I'm embarrassed to admit that I spend most of my days doing nothing much. Sometimes, I make our bed and sweep the floor. Some days I might even wash all the dishes after all the meals to alleviate the guilt I feel about living with my parents-in-law. Usually, I sleep in, eat, wander from coffee shop to coffee shop, and watch a ridiculous number of CSI reruns on TV. And everyone I talk with makes wonderful, compassionate excuses for my month of sloth.

The thing is, I have to figure out what I'm doing. I can't keep doing nothing. It's easier and I'm sick of myself taking the path of least resistance. I've been given an amazing time to prepare for this pregnancy, to accomplish so many things. Heck, I've been given 10 months to DO WHATEVER I WANT. How many people get this opportunity? How many people are running through their busy lives wishing for what I've been given? And here I am, having wasted the first 5 months of my time "off."

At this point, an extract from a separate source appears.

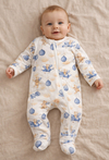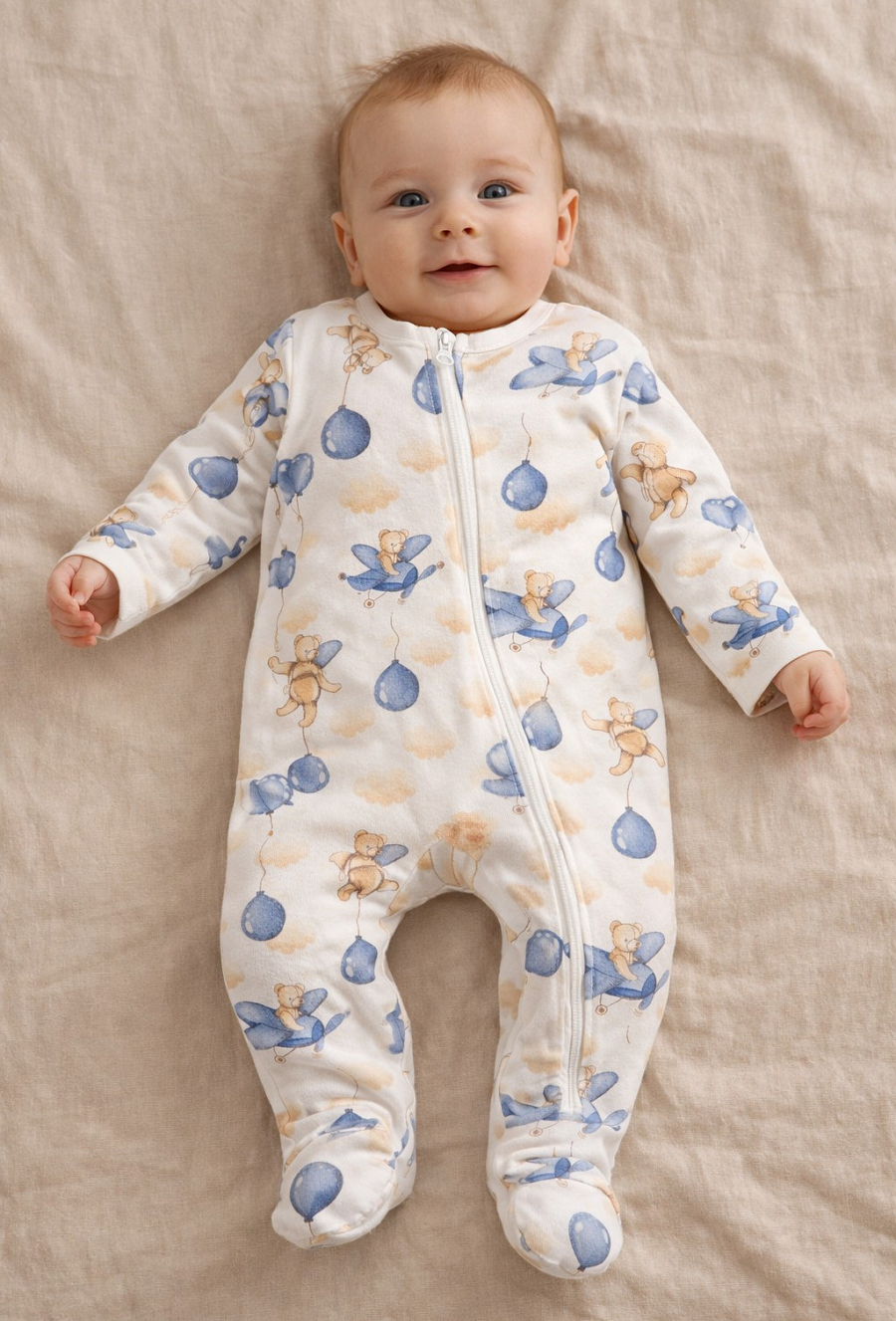 Bawełniany pajac niemowlęcy dla chłopca wykonany w 100% z bawełny, która jest miękka, oddychająca i bezpieczna dla wrażliwej skóry dziecka. Jasna kolorystyka oraz delikatny nadruk nadają całości przytulny, dziecięcy charakter. Model zapinany na praktyczny zamek błyskawiczny na całej długości, który ułatwia szybkie przebieranie i zmianę pieluszki. Rozmiary do 74 posiadają zabudowane stópki, zapewniające dodatkowe ciepło i komfort. Pajac idealnie sprawdzi się zarówno jako strój dzienny, jak i piżamka.

What really makes me sick is that I know all the time-management techniques. I know how to organize my time, turn big lofty goals into small actionable to-do lists, use 10 minutes productively. I just don't. Kurt Vonnegut once did a really good job of paraphrasing Romans 8:  My soul knows my meat is doing bad things, and is embarrassed. But my meat just keeps right on doing bad, dumb things. This is exactly how I feel now. I'm embarrassed when Kenny comes home in the evenings and asks me what I did that day. I sometimes don't have anything to tell him. And luckily, I have the most amazing husband in the world, who thinks writing blog posts and making vlogs and desigining in Photoshop count as legitimate tasks that deserve my time and attention.

I'm ashamed of how much time I've wasted. I'm ashamed at how easily I've allowed myself to continue making bad decisions. And I'm scared. I want to find some overarching sense of direction and purpose before Jude comes, because if he comes and falls into that spot, I think it becomes dangerous. I have the time to make sure that I'm not completely alienated when this boy comes into our world. Whether he speaks English with me at home or not, most of his world will take place in Korean. And if I'm not privy to that world, I'll be quite alone.